What is the purpose of this bitwise operation? (mWidth + 0x0000000F) & ~0x0000000F;

0

Here is the line of code I'm confused at:

 mMaskRowBytes = (mWidth + 0x0000000F) & ~0x0000000F;

~ is the NOT operator right?

Let's say mWidth is 960, or 1111000000

So what we get here is

00000000000000000000001111001111 
&
11111111111111111111111111110000

which would just result in

00000000000000000000001111000000

Right?

Is the purpose to convert a decimal number into a binary number?

bit-manipulation
bitwise-operators
asked on Stack Overflow Oct 3, 2016 by A O

2 Answers

2

'~' is the bitwise complementation operator.

For positive mWidth, all it does is round upwards to the next number that is a multiple of 16. (Since 960 already divides 16, it remains unchanged).

There are clearer ways of doing that, although the specifics would be down to your particular language.

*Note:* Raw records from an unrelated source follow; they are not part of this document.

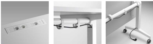 Un programa de mesas que ofrece soluciones orientadas a la flexibilidad, a la productividad y a la polivalencia, debe tener en cuanta la integración de las nuevas tecnologías. Travel dispone de un schuko opcional integrado en la tapa de la mesa y unas piezas que conducen el cableado a través de la viga para llegar al pedestal que presenta un hueco destinado a la conducción vertical de la electrificación. Este sistema permite enlazar la electrificación de diferentes mesas.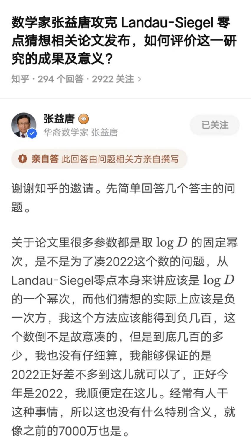 此前,张益唐提交的《离散均值估计和朗道-西格尔零点》论文在预印本网站arXiv上正式对外公开,被认为是近50年来数学界最惊人的成就。张益唐本人也因证明孪生素数猜想和朗道-西格尔零点猜想被称为“被闪电击中两次的人”。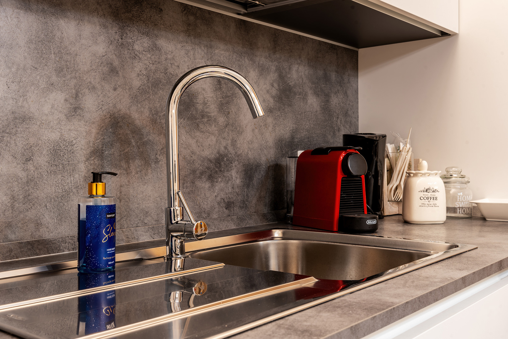 Il soggiorno del nostro appartamento è il cuore pulsante della casa, uno spazio pensato per farti sentire subito a tuo agio. Arredato con cura e attenzione ai dettagli, unisce elementi di design moderno a tocchi di tradizione, creando un’atmosfera intima e accogliente. Il comodo divano, ideale per rilassarti davanti alla TV o per leggere un buon libro, è accompagnato da decorazioni che richiamano la bellezza del territorio. Che sia per un momento di riposo o per trascorrere del tempo in compagnia, la zona living è il luogo perfetto per rilassarti.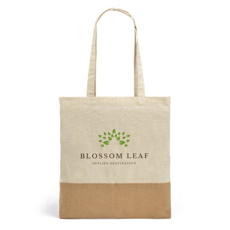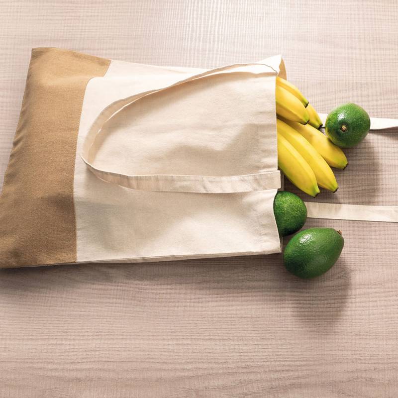 Памучна чанта за пазар (160 g/m²) с детайл имитиращ юта и дръжки 65 cm в неутрален цвят.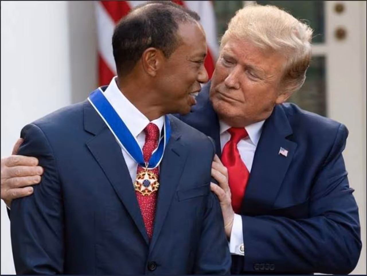 ವೈಟ್ಹೌಸ್ನ ರೋಸ್ ಗಾರ್ಡನ್ನಲ್ಲಿ ನಡೆದ ಸಮಾರಂಭದಲ್ಲಿ ಅಧ್ಯಕ್ಷ ಡೊನಾಲ್ಡ್ ಟ್ರಂಪ್ ಅವರು ಟೈಗರ್ವುಡ್ಗೆ ಅಮೆರಿಕಾದ ಅತ್ಯುನ್ನತ ನಾಗರಿಕ ಪ್ರಶಸ್ತಿಯಾದ ‘ಪ್ರೆಸಿಡೆನ್ಷಿಯಲ್ ಮೆಡಲ್ ಆಫ್ ಫ್ರೀಡಂ’ ಅನ್ನು ಪ್ರದಾನ ಮಾಡಿದರು.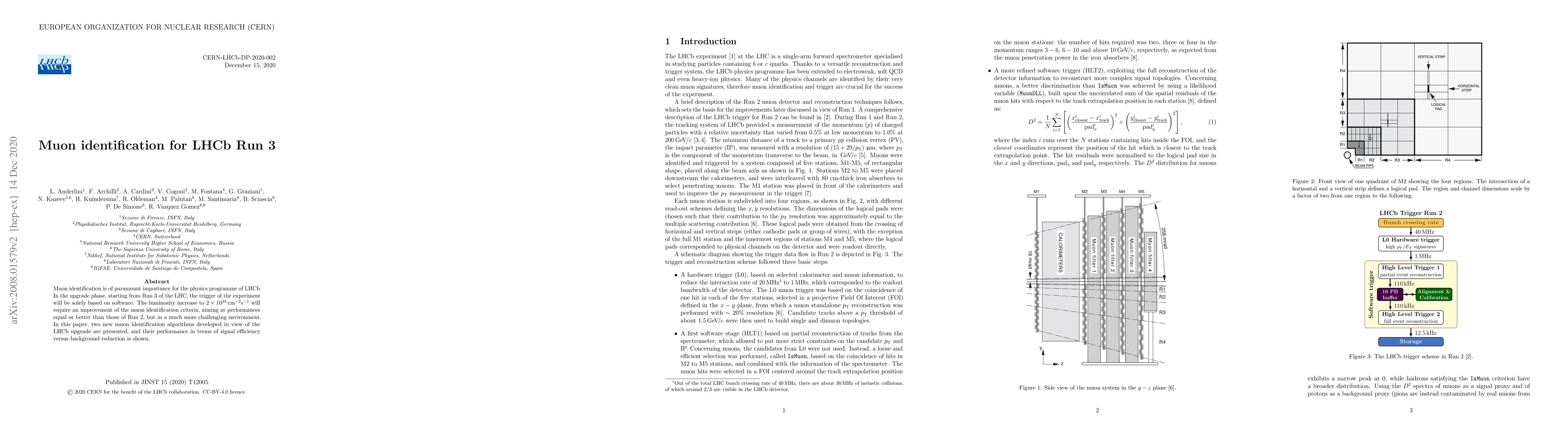 This paper presents two new muon identification algorithms designed for the LHCb experiment's Run 3 upgrade, which will operate with software-based triggering and higher luminosity. The algorithms aim to maintain or exceed Run 2 performance levels in a more challenging environment.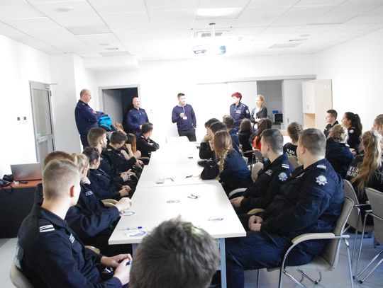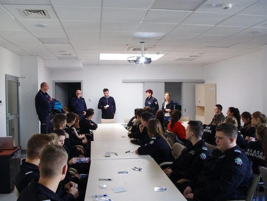 Policjanci odpowiadali na bardzo wiele szczegółowych pytań. Gimnazjaliści kierowali również pytania do swoich starszych kolegów z klasy mundurowej.

answered on Stack Overflow Oct 3, 2016 by (unknown user) • edited Oct 3, 2016 by (unknown user)
1

The ~ operator takes the complement:

So for example: 0110 would become 1001

What the purpose is I'm not sure - you'd need to show how mMaskRowBytes is being used. But it looks as if it is being used for something that deals in 16bit (2bytes) chunks and therefore needs to ensure data is being aligned to the nearest 2byte address space. Often a compiler will do this to ensure the most efficient stack alignment. On 32bit systems this would be 4bytes and 64bit 4/8bytes. This means the compiler can then be confident to move the stack up and down by efficient steps. For modern OS this is all taken care-off by the compiler and the OS. If you're down at the system level then you might have to do this all for yourself.